2. Each of the representations and warranties of the Company contained in the Agreement (A) to the extent such representations and warranties are subject to qualifications and exceptions contained therein relating to materiality or Material Adverse Effect, are true and correct on and as of the date hereof with the same force and effect as if expressly made on and as of the date hereof, except for those representations and warranties that speak solely as of a specific date and which were true and correct as of such date, and (B) to the extent such representations and warranties are not subject to any qualifications or exceptions, are true and correct in all material respects as of the date hereof as if made on and as of the date hereof with the same force and effect as if expressly made on and as of the date hereof except for those representations and warranties that speak solely as ofa specific date and which were so true and correct as of such date.
3. Each of the covenants required to be performed by the Company in the Agreement on or prior to the date of the Agreement, this Representation Date, and each such other date as set forth in the Agreement, has been duly, timely and fully performed in all material respects and each condition required to be complied with by the Company on or prior to the date of the Agreement, this Representation Date, and each such other date as set forth in the Agreement has been duly, timely and fully complied with in all material respects.

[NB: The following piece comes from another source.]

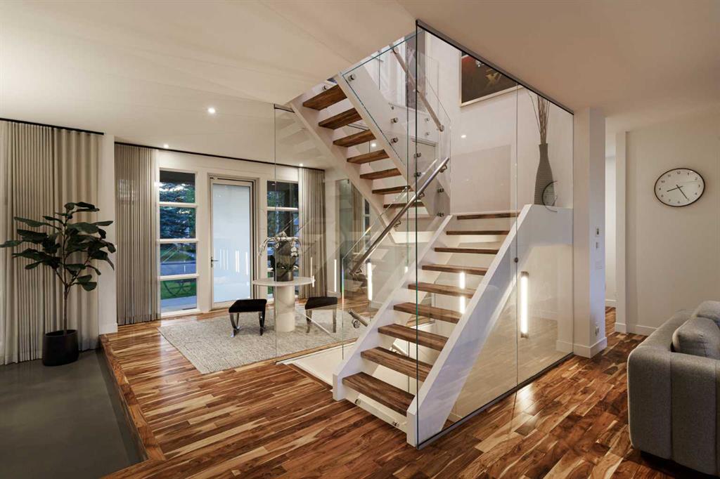 ** Open House Saturday November 2 - 2:00pm - 4:00pm** A timeless masterpiece, situated on a quiet premium tree lined street in Briar Hill. This home has been impeccably maintained, encompassing quality and detail throughout. With over 4,100 Sq ft of developed living space, this home integrates modern architecture with exceptional class and state of the art design. Concrete landscaping and structure coupled with stone and cedar accents give stunning curb appeal. A welcoming entrance and Main Floor boast spectacular natural light all day with east and west floor to ceiling windows and skylights throughout. Timeless design and open concept living, with a functional layout featuring: Gourmet kitchen with high gloss white touch-latch cabinets, solid quartz counters & waterfall island with built in eating nook, Wolf appliances (dual ovens, gas cooktop & microwave), Sub Zero fridge, private office, exquisite powder room, floating staircase with tempered glass surround, sunken dining room, large mudroom with rear door and sliding doors to an elevated patio with built-in Wolf BBQ and firepit. A treelined backyard provides privacy with 2 large seating areas and grass offsetting a heated oversized double garage. Attention to detail throughout this house with custom drapery and furniture on all levels, premium wallcoverings and design choices by Paul Lavoie and The Heather Company. The upper level is complete with 3 bed/3 bath and a den featuring a custom millwork executive desk and treelined views off the balcony. The 3rd bedroom has been transformed into an opulent Paul Lavoie designed dressing room/closet featuring an ensuite, makeup vanity, custom millwork and high-end lighting (could easily be converted back to its original state). The primary bedroom is compete with downtown views, large walk-in closet and a 5 pc bathroom with steam shower/water closet. The basement was fully developed and designed by Paul Lavoie in 2020 with a large rec space/movie area, full wet bar with island, gym with floor to ceiling mirrors, 4th bedroom & full bathroom with steam shower. The basement also features a storage room and well-maintained utility room. Other notable features includes new high efficiency furnaces, A/C, new water heater & softener, wireless Lutron lighting, centralized A/V rack with wiring to all rooms & built-in speakers, custom millwork throughout, 9ft solid core doors. Briar Hill is a highly sought after, premium inner-city neighborhood close to downtown, parks schools, the Calgary Winter Club and all necessary amenities.

4. Subsequent to the date of the most recent financial statements in the Prospectus, there has been no Material Adverse Effect.
5. No stop order suspending the effectiveness of the Registration Statement or of any part thereof has been issued, and no proceedings for that purpose have been instituted or are pending or threatened by any securities or other governmental authority (including, without limitation, the Commission). 6. No order suspending the effectiveness of the Registration Statement or the qualification or registration of the Placement Shares under the applicable securities or blue sky laws of any applicable jurisdiction are in effect and no proceeding for such purpose is pending before, or threatened, to the Company's knowledge or in writing by, any applicable securities or other governmental authority (including, without limitation, the Commission).
The undersigned has executed this Representation Date Certificate as of the date first written above.